→ Information shown
──────────

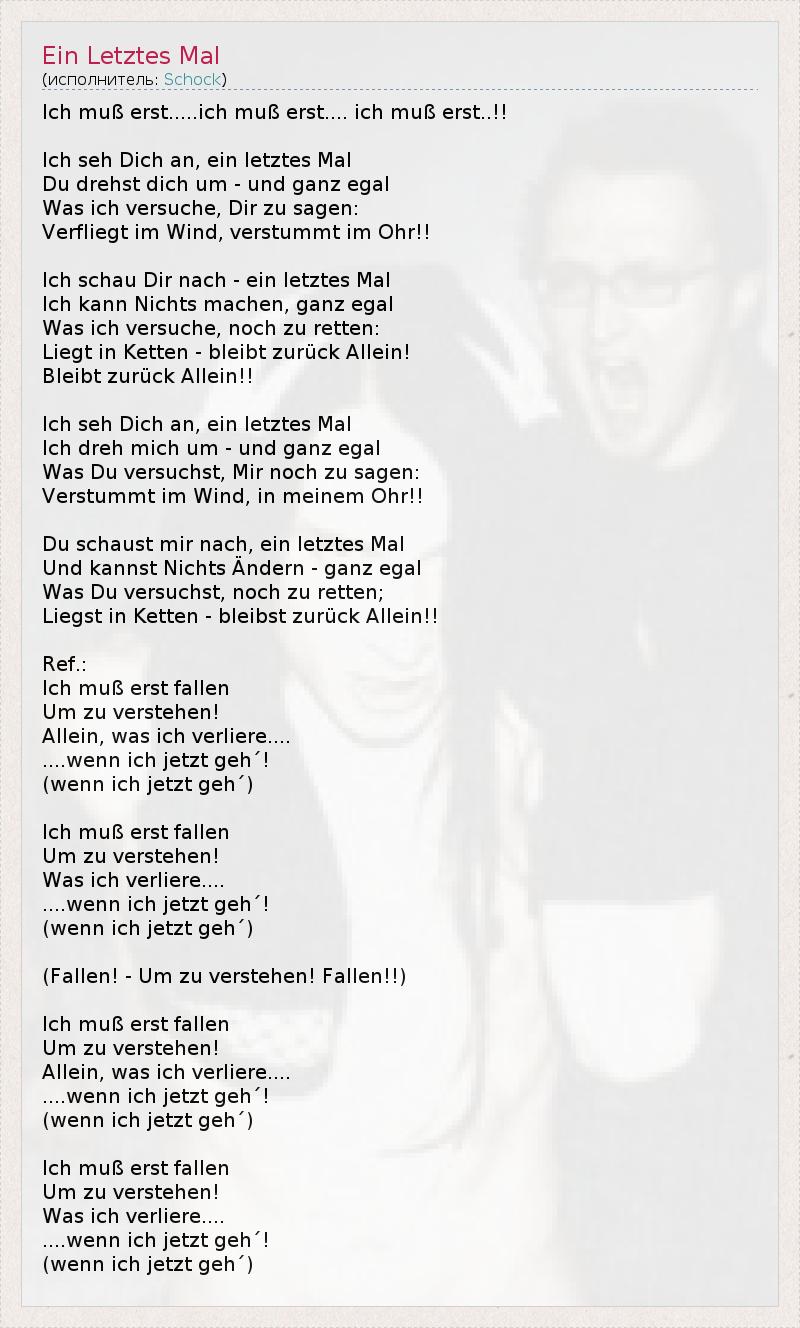 А как ты думаешь, о чем песня "Ein Letztes Mal" ?
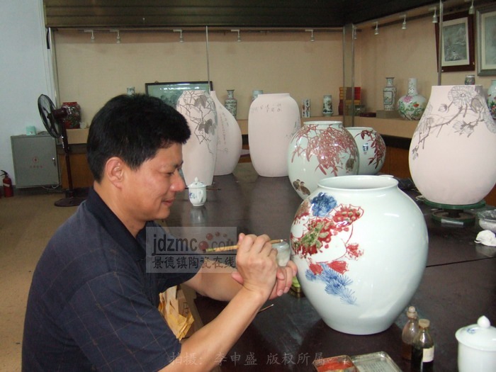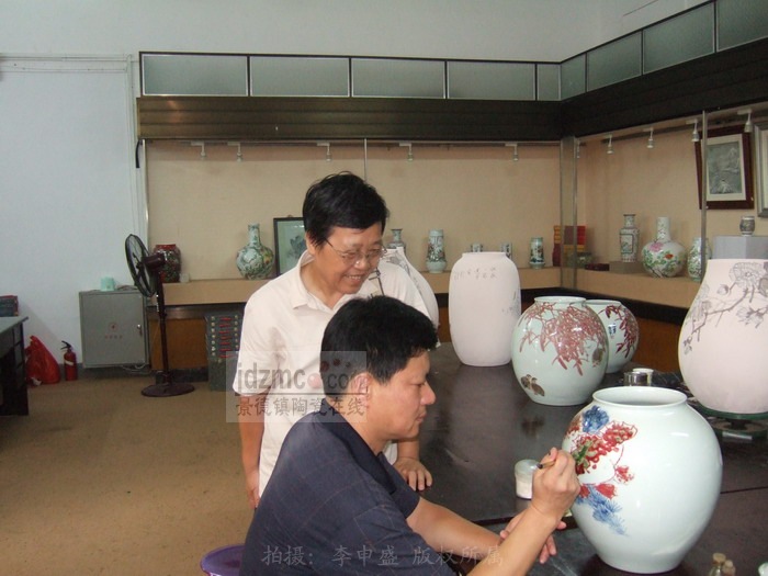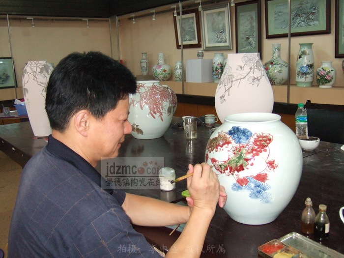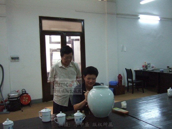 肖振松老师是一个技艺全面的艺术家,其陶瓷艺术作品追求一种清幽凝重的艺术风格,表述了崇尚自然淡泊宁静的审美理想。人物山水、花鸟虫鱼均有涉猎,尤好鱼藻。表现手法多样,其作品常集多种技艺于一体。工于坯体刻划浮雕,釉上料彩与高温釉彩并重,屡获各种大展奖项。 在肖振松老师创作的过程里,陈也君女士一直在和肖老师交谈,感觉到他的创作思维很活跃,对待事物十分认真。并且对很多事情,姿态低调,待人热情,是一个非常不错的陶瓷艺术家。 在这一次2007年度景德镇百花奖的评选中肖振松和姚惠云夫妇共同合作并获得了二等奖和三等奖两个名额。 图中是肖振松老师青花釉里红斗彩的创作画面
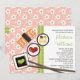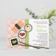Ska du kasta en japansk temed-möhippa? Branden och hennes gäster är säkra på att de här söta och söt sushi-inbjudningskort för möhippa med en rosa och vit körsbärs- blommar och grönt kimonos inspirerade bakgrund och ett par korsade käppar, tallrikar av sojasås och hjärtformade vasabi, och tre biet sushi (hjärtformade tonfiskrullar, laxnigiri och en veggilill). Bild © Krissy H. Studios, LLC.Alla rättigheter förbehållna.
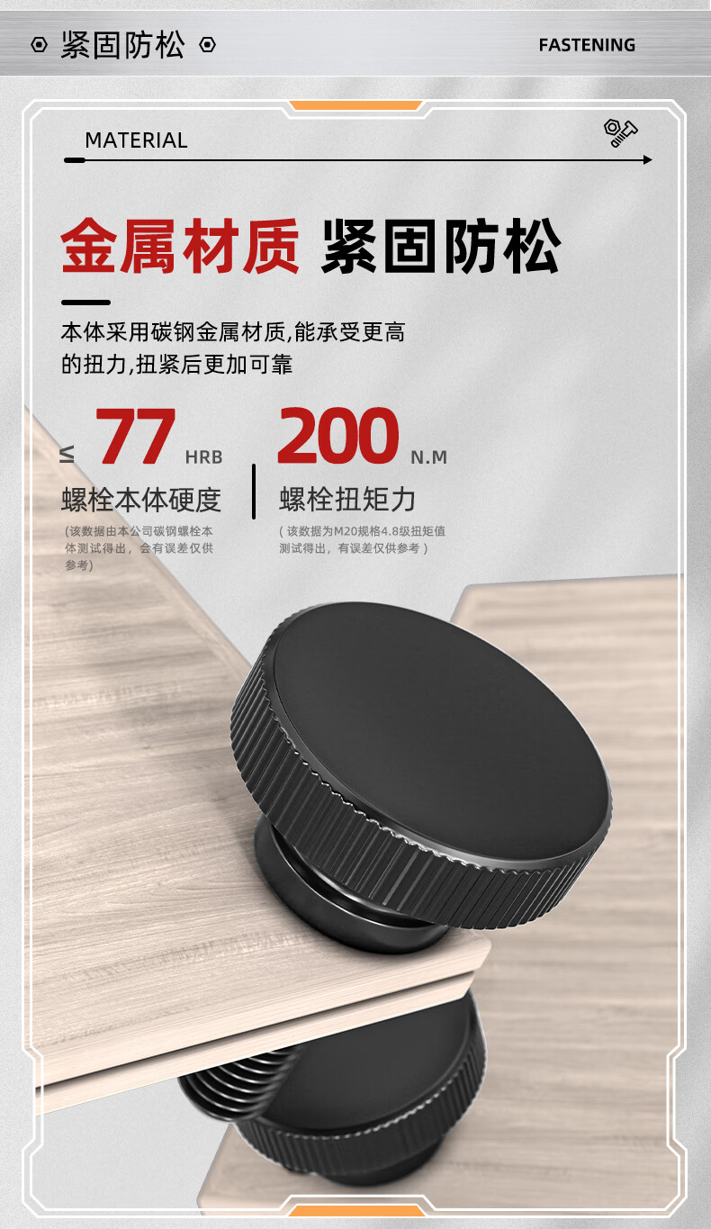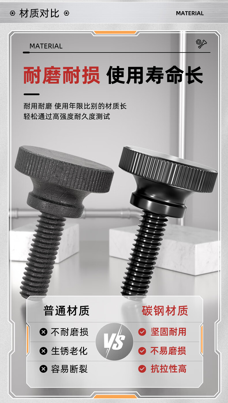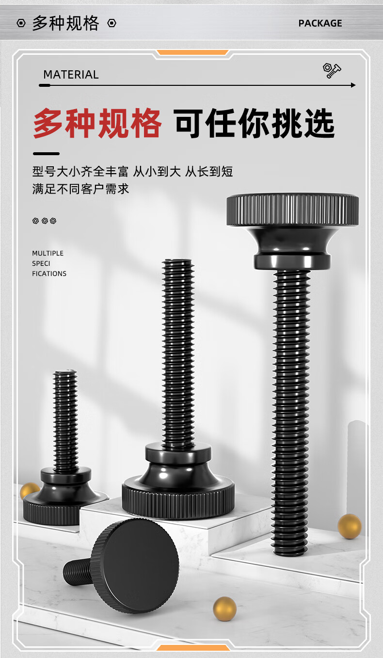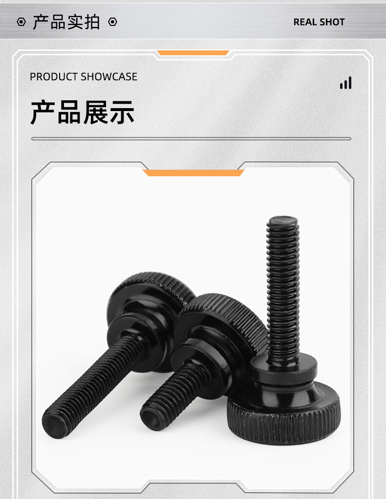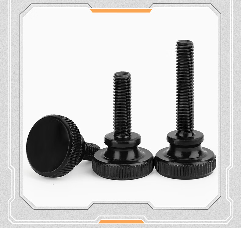 天卓五金GB834黑色手拧螺丝镀黑锌高头滚花大头台阶调节螺钉m3m4m5m6m8m10 304母平弹套装M3-8

──────────

Reproduce the data in full. Do not carry over any picture.

→ Written response
 А как ты думаешь, о чем песня "Ein Letztes Mal" ?
 肖振松老师是一个技艺全面的艺术家,其陶瓷艺术作品追求一种清幽凝重的艺术风格,表述了崇尚自然淡泊宁静的审美理想。人物山水、花鸟虫鱼均有涉猎,尤好鱼藻。表现手法多样,其作品常集多种技艺于一体。工于坯体刻划浮雕,釉上料彩与高温釉彩并重,屡获各种大展奖项。 在肖振松老师创作的过程里,陈也君女士一直在和肖老师交谈,感觉到他的创作思维很活跃,对待事物十分认真。并且对很多事情,姿态低调,待人热情,是一个非常不错的陶瓷艺术家。 在这一次2007年度景德镇百花奖的评选中肖振松和姚惠云夫妇共同合作并获得了二等奖和三等奖两个名额。 图中是肖振松老师青花釉里红斗彩的创作画面
Ska du kasta en japansk temed-möhippa? Branden och hennes gäster är säkra på att de här söta och söt sushi-inbjudningskort för möhippa med en rosa och vit körsbärs- blommar och grönt kimonos inspirerade bakgrund och ett par korsade käppar, tallrikar av sojasås och hjärtformade vasabi, och tre biet sushi (hjärtformade tonfiskrullar, laxnigiri och en veggilill). Bild © Krissy H. Studios, LLC.Alla rättigheter förbehållna.
 天卓五金GB834黑色手拧螺丝镀黑锌高头滚花大头台阶调节螺钉m3m4m5m6m8m10 304母平弹套装M3-8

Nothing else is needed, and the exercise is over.